To generate the intervals without bothering about variance estimation, use
```
uq.get_binerror_ci(threshold = threshold, alpha = 0.05)
```
Under the hood, this function computes the variance with the plug-in estimator. 

To obtain pointwise confidence intervals for the ROC with the double-or-nothing
bootstrap, use
```
ci_tpr_at_fnr, ci_auc = uq.get_roc_ci(target_fpr=[0.01, 0.1], alpha = 0.05)
ci_tpr_at_fnr, ci_auc
```

See the code in `examples/morph.ipynb` for a more detailed example on how to use
the package. In case of large datasets, the computations of the uncertainty may
be burdensome. Luckily, the computational speed of the functions in this package
can be substantially improved. Contact me if you are interested in this. 

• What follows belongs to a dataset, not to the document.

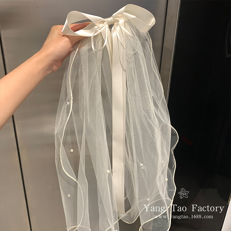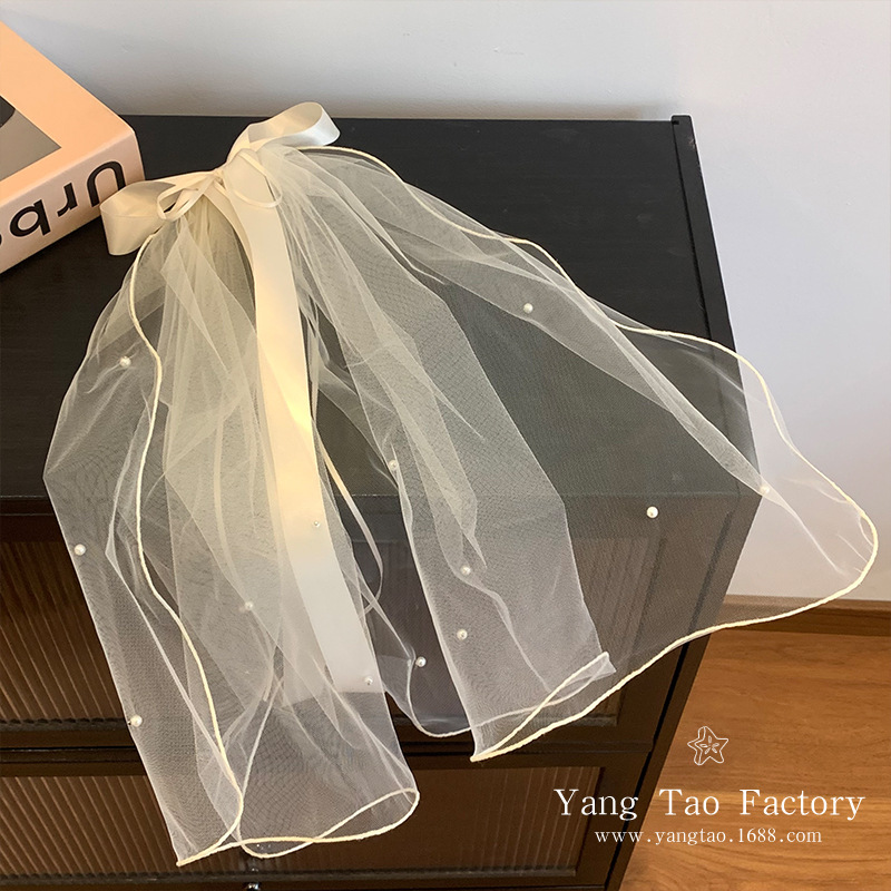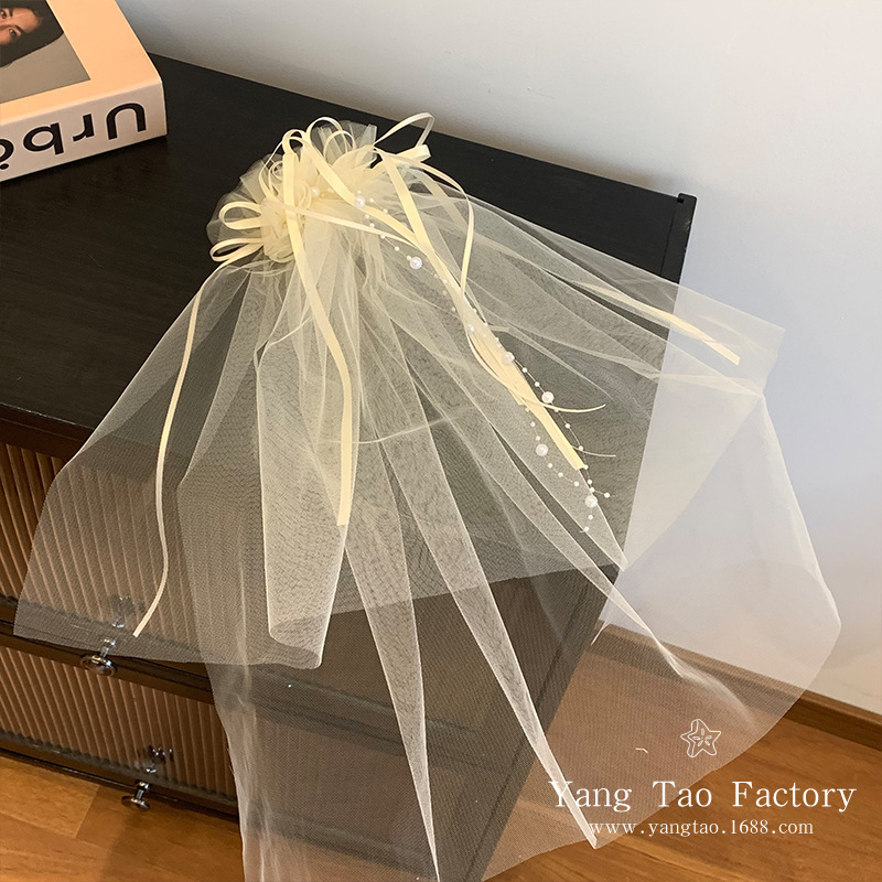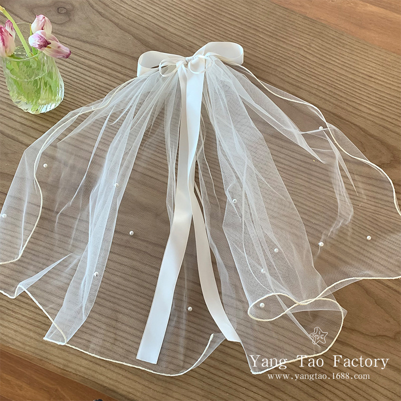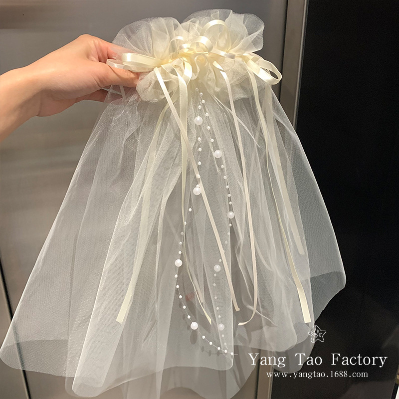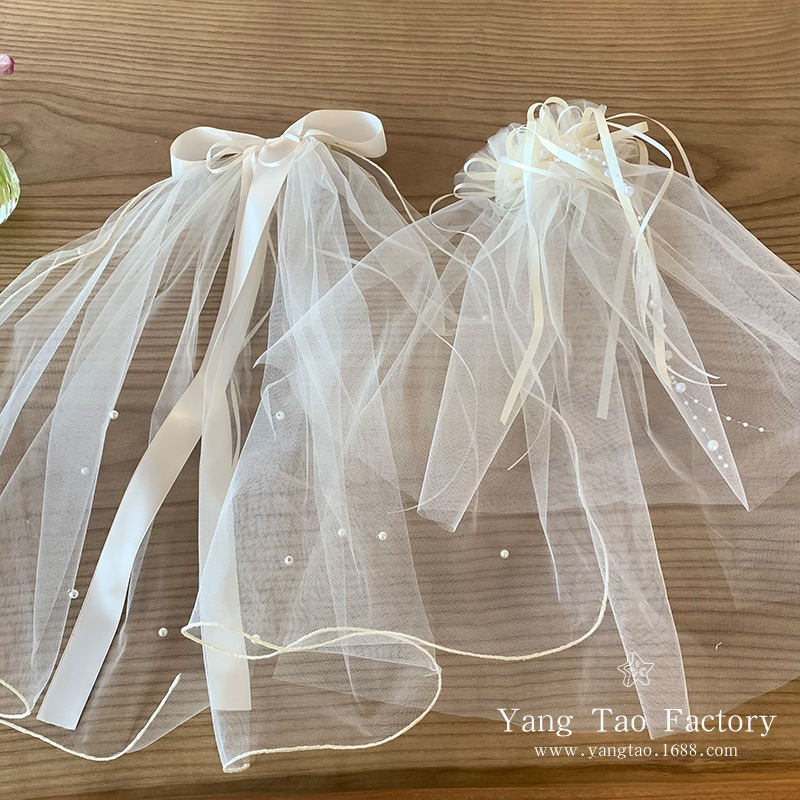 작은 빛 짧은 베일 머리핀을 아이보리 활 진주 베일 제안 라이센스 분위기 사진 소품스토어 가기

We have moved all the code related to the experiments in the paper to another
branch named `paper`. 

## :books: Citation

To cite our paper/code/package, use

```
@article{fogliato2023confidence,
  title={Confidence Intervals for Error Rates in Matching Tasks: Critical Statistical Analysis and Recommendations},
  author={Fogliato, Riccardo and Patil, Pratik and Perona, Pietro},
  journal={arXiv preprint arXiv:2306.01198},
  year={2023}
}
```

## Security

See [CONTRIBUTING](CONTRIBUTING.md#security-issue-notifications) for more
information.

## License

This project is licensed under the Apache-2.0 License.